Степка встал, поджал губы, потупился.

— Все галок считаешь, — с веселой укоризной отметила Евгения Матвеевна, — Ступай к доске. Кто повторит вопрос Прожогину?

— Я, — раньше всех вскинулся с рукой Генка Вяткин и, не заботясь о том, разрешено ли ему говорить, затараторил: — Что такое рельеф и какие виды его вы знаете? Рельеф — это часть поверхности…

— Хватит, хватит, — остепенила Вяткина учительница. — Садись, сказано. Слушаем, Прожогин.

Степка все знал про рельеф и не торопился — не салага же он рвать с копыт. Но девчонки, предвкушая конфуз переростка, запереглядывались с ехидным смешком. Заегозился на своем месте и Генка Вяткин, выставил на парту локоток с чернильной ладошкой. «Ты у меня огребешь», — погрозил ему Степка глазами и, видя, что пауза опасно затянулась, стал отвечать.

Евгения Матвеевна как-то боком, вроде опасливо двигалась по классу туда и сюда, а в тонких пальцах своих крутила и крутила указку. На синих губах ее тлела неизъяснимо тихая улыбка, решительно не связанная с уроком. Степка поглядел на ее плоские и скудно подрумяненные щеки, на ее едва приметную улыбку и что-то понял, смутился. Когда учительница подошла к столу и оказалась к Степке открытым боком, он въяве увидел: она так держала свои руки и указку, чтобы прикрыть ими свой заметно выпятившийся живот. Далее, во все время пока стоял у доски, ни разу не поглядел в сторону учительницы, остро жалея ее какой-то злой и беспощадной жалостью.

— Ставлю тебе, Прожогин, хорошо. Уж что хорошо, то хорошо. Только у возвратных глаголов не смягчай окончаний. Понял? Прожогин?

Но Степка не отозвался, направляясь к своей парте однако попутно корешком своего дневника все-таки стукнул по голове Генку Вяткина и обозвал его Стервяткиным.

И опять сел к окну, стал глядеть на улицу.
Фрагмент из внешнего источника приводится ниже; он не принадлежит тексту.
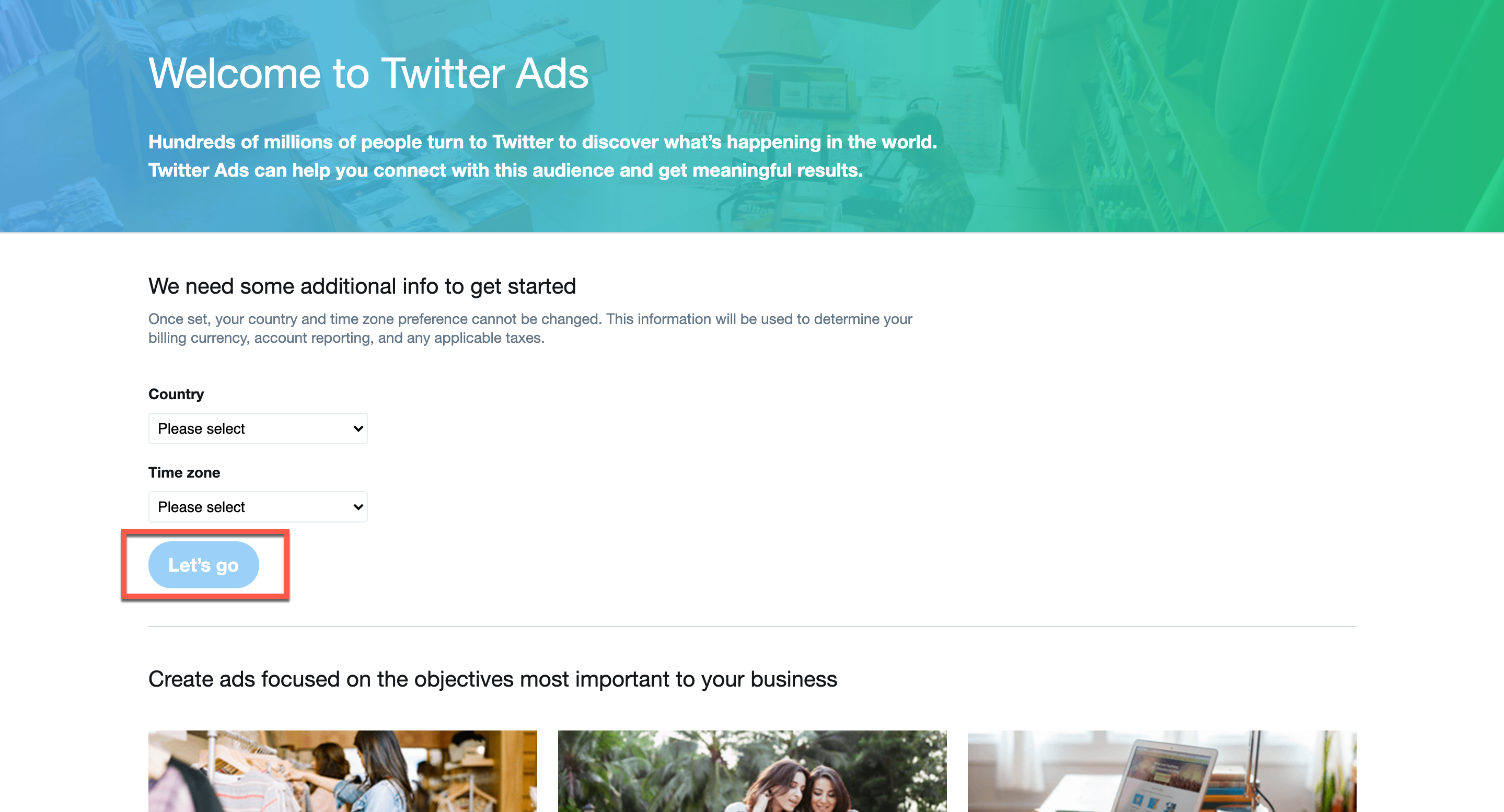 2. Kedua, Twitter akan meminta Anda untuk membagikan beberapa informasi tambahan tentang diri Anda sebelum Anda melanjutkan untuk membuat iklan Anda. Isi informasi yang diperlukan dan klik Let's Go.

Деревья, кусты, стены рубленого сарая, сани возле него, с поднятыми оглоблями, поленницы дров, укладенные вдоль забора, и сам забор, местами упавший, и колодец, с большим колесом и веревкой, и сторожиха Полечка, которая теперь достает бадью и вертит колесо, и даже рыжая, школьная собачонка Мошка — все заснежено и подернуто изморозью. Все глядится каким-то удаленным, будто отодвинулось и уменьшилось. И опять, как уже было когда-то, от снегов и белого размаха Седого охватила нетерпеливая восторженная радость.

На уроке зоологии в этот день Степку ожидало расстройство: учительница Мария Семеновна стала доказывать ребятам, что у скотины, например, у коровы или борова, есть только инстинкт и совсем нет ни капельки ума. «А у самой-то много? — сразу осердился Степка и про себя стал яростно спорить с училкой. — Конечно, какой, скажем, спрос с борова, — у него одна-единственная забота — набить утробу, но даже и он не на всякий корм набрасывается, а выбирает, чушка, что послаже. Стало быть, шурупит же малость. Ну, ладно, боров, он на всем готовом, и думать ему не приходится. А птахам, особенно мелкоте, тем без рассудка просто хана».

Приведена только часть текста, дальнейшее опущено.